Conversaciones de lectores



Mi amigo Alfredo Jiménez, que anda mal de salud, lo que le concede mucho tiempo para leer, me pide cuatro títulos de novelas que me hayan gustado. Me pone condiciones: dos han de ser históricas y dos de suspense. Por supuesto ya se ha devorado las dos publicadas de la trilogía Millenium de Stieg Larsson, que son las primeras que se me vienen a la cabeza. Y ahora está embuchándose Crepúsculo, una de las cuatro de vampiros escritas por Stephenie Meyer y popularizadas por el cine. Yo no le he hincado el diente, pero he observado el efecto que producía en mi hija pequeña, literalmente vampirizada por la serie, hasta quitarse horas de sueño para apurar capítulos. Trato de hacer memoria sobre la marcha, me maldigo por no recordar títulos de libros leídos más atrás de un mes; pero salgo del paso mencionándole al sueco Mankell, autor prolífico, y a mi juicio ameno, de novelas policiacas. También le hablo del best seller de Matilde Asensi El último Catón, que me aconsejó mi hijo mediano y me gustó y de Bajo la fría luz de octubre, la reconstrucción de la guerra civil en Albacete que hace en primera persona, con la voz de su tía, mi amigo Eloy M. Cebrián.

No me atrevo a mencionarle Anatomía de un instante, la novela sobre el 23 efe que acaba de editar Javier Cercas, porque no la he leído aún, aunque Juan Valero me habló de ella tan febrilmente el otro día, encareciéndome capítulos y anécdotas hasta contagiarme tanto su entusiasmo que la tengo en los primeros lugares de mi lista de espera. Tampoco menciono Un día de cólera, de Pérez Reverte, sobre el 2 de mayo, que mi amigo Miguel G. Tornero me ha prestado e insiste en que lea; si no me atrae es precisamente porque el propio Alfredo me había comentado en el hospital que se dispersa acumulando nombres y lugares. Aparte del préstamo, Miguel y yo tuvimos en la escalera de mi casa una acalorada discusión sobre La cuarta trama, donde uno de los abogados del 11 eme, José María de Pablo, analiza los entresijos del proceso, aportando a mi juicio opiniones tendenciosas.

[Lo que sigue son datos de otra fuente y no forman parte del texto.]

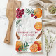 Ajoutez une touche festive à votre cuisine grâce à cette serviette de cuisine de Noël personnalisée qui comprend un bel agencement de canneberges, d'oranges, de bâtons de cannelle et de sprigs de romarin. Le design aquarelle apporte une ambiance de vacances rustique et cosy à votre décor de cuisine, parfait pour la saison. Customisez la serviette avec votre nom ou un message spécial pour créer un souvenir de vacances unique. Cette serviette est un délicieux ajout à toute routine de pâtisserie ou de cuisine de vacances.

Comprendo más que nunca al librero Juan Valero. Aconsejar libros es tarea delicada. Tanto como regalarlos. Los gustos del lector no siempre coinciden con la imagen que tenemos de la persona a la que deseamos agasajar. Aunque Eloy M. Cebrián, asegura en una entrevista que nos hace la Ser que, así a bulto, los lectores de hoy prefieren los libros gruesos y de tapa negra. En medio de un Altozano convertido en una feria de globos y payasos que se dirigen a los niños desde el escenario, junto a las mesas abarrotadas de las librerías, las instituciones y las editoriales locales, me doy cuenta de que, a contracorriente, yo leo muy a menudo libros delgados y pálidos, que es el aspecto que suelen ofrecer los libros buenos de poesía, que sólo nos gustan a un porcentaje pequeño de lectores. Pero, eso sí, incondicionales. Sin ir más lejos, la otra noche estuvimos repasando durante tres horas mi amigo Karmelo Iribarren y yo el balance de los últimos que hemos leído, impresiones que también suelo intercambiar con Antonio Cabrera y Javier Lorenzo, porque hay que aprovechar a los amigos con criterio, que son más fiables que los suplementos literarios, siempre tan lacayunos. Por cierto, que Javi insiste mucho en que lea el último poemario de Caballero Bonald. Lo pongo en la lista.

No para ahí la cosa. Antes de venir al Altozano, una alumna encantadora nos ha regalado a Eloy y a mí sendos ejemplares de la última novela que, según ella, le ha arrancado unas lágrimas, La ladrona de libros, de Markus Zusak, de la que recuerdo vagamente que ya me habló Ángel Aguilar. Y durante la misma entrevista, Anselmo Gómez menciona a Haruki Murakami, cuya lectura nos inspira a mi mujer y a mí sustanciosas conversaciones en las horas crepusculares. Cuando me pregunta Quico, el de la Ser, si pienso que la gente cada vez lee menos, vuelvo a quedarme en blanco: “Pues hombre, yo no tengo esa impresión”, balbuceo. Pero me quedo insatisfecho con mi respuesta y me pongo a escribir este artículo para contestarle más a mis anchas, para explicarle que yo conozco a un montón de gente con la que puedo compartir emociones, anécdotas y hasta discutir con amistoso encono a partir de nuestras lecturas. Y al contarlo, parecen multitud.